Security and Availability

Recovery Service implements the following security best practices to safeguard backup data.

Tenancy Isolation

The Recovery Service infrastructure is located in an Oracle-managed tenancy which prevents direct access and provides a logical air gap between the backups and the database in your tenancy. The backup automation process leverages a private endpoint which provides a encrypted communication channel that only allows RMAN backup data to be sent and received.

Backup Encryption

Recovery Service enforces backup encryption. Any unencrypted backup data will be rejected by the service. All backups, which include operational backups and long-term retention (LTR) backups, must be encrypted using Transparent Data Encryption (TDE). Backups remain encrypted throughout the backup life cycle and the encryption keys are managed by the database service or the customer. Recovery Service does not have access to the encryption keys.

High-Availability

Recovery Service is built on Oracle Engineered Systems, which provides a fast, scalable, fault-tolerant infrastructure with enhanced security. The infrastructure is deployed in a manner which ensures that backups are located at two physical locations in a region. This ensures that backup and restore operations are highly available.

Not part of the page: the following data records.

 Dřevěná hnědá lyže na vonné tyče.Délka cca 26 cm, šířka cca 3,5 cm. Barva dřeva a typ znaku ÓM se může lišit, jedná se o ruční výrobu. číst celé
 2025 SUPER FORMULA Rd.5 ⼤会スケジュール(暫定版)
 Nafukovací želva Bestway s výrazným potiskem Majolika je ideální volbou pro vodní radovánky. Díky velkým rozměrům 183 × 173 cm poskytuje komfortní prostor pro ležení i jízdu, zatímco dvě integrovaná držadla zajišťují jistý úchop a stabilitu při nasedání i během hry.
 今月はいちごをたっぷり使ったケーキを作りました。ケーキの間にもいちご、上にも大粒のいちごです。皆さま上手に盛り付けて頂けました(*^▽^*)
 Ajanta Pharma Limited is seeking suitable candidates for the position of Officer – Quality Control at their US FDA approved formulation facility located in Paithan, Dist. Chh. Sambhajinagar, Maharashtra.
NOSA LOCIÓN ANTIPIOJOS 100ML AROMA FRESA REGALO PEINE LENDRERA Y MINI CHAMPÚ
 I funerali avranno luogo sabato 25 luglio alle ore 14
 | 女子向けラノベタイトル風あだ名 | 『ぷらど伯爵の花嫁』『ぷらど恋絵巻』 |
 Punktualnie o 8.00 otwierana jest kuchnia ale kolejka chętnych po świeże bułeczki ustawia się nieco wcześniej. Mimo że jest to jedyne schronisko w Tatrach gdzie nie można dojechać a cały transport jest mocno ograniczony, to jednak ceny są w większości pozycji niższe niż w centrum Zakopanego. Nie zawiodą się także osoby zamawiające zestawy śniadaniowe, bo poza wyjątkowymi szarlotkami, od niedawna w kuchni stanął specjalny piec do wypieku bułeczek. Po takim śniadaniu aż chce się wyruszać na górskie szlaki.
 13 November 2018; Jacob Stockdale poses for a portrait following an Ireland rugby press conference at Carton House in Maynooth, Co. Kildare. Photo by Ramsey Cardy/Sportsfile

OCI Identity and Access Management (IAM) Integration with Recovery Service

Identity and Access Management (IAM) enables granular role-based access control. You can configure OCI policies to only allow specific users to access Recovery Service resources.

Observability and Management

Recovery Service is integrated with OCI Observability and Management which allows Metrics Explorer to display historical backup metrics. You can configure alarms to help ensure that the backups are meeting your service level agreements.